(Directions for this task) For the material below, return exactly the lines starting at the line containing "Ruime natte cel, afgewerkt" and ending at the line containing "Direct achter de", both ends included, and no others.
[Data for this task — start]
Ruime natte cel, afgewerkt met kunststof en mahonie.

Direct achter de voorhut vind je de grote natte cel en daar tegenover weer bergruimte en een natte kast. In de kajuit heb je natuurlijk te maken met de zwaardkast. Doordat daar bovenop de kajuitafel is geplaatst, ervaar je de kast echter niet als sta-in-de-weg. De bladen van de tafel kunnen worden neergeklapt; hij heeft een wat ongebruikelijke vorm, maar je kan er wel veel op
[Data for this task — finish]
[Data for this task — start]
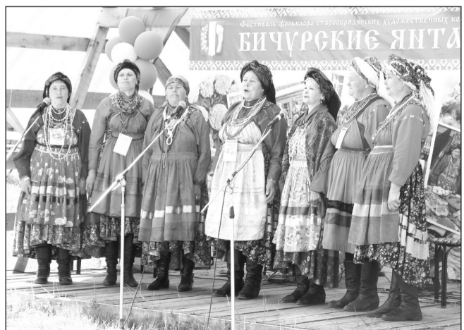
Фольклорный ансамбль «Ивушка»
[Data for this task — finish]
[Data for this task — start]
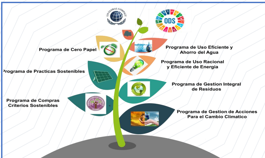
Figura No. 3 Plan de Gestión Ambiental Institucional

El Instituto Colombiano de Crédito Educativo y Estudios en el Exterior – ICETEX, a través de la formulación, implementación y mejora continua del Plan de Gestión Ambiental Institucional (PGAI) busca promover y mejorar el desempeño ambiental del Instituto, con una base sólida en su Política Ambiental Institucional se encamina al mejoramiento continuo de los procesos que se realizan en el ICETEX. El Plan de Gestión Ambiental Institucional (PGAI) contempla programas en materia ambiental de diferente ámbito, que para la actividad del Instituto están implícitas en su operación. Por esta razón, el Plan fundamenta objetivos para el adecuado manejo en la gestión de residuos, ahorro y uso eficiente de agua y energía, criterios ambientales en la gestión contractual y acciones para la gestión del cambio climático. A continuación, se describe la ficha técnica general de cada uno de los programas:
[Data for this task — finish]
(Result of the task)
Ruime natte cel, afgewerkt met kunststof en mahonie.

Direct achter de voorhut vind je de grote natte cel en daar tegenover weer bergruimte en een natte kast. In de kajuit heb je natuurlijk te maken met de zwaardkast. Doordat daar bovenop de kajuitafel is geplaatst, ervaar je de kast echter niet als sta-in-de-weg. De bladen van de tafel kunnen worden neergeklapt; hij heeft een wat ongebruikelijke vorm, maar je kan er wel veel op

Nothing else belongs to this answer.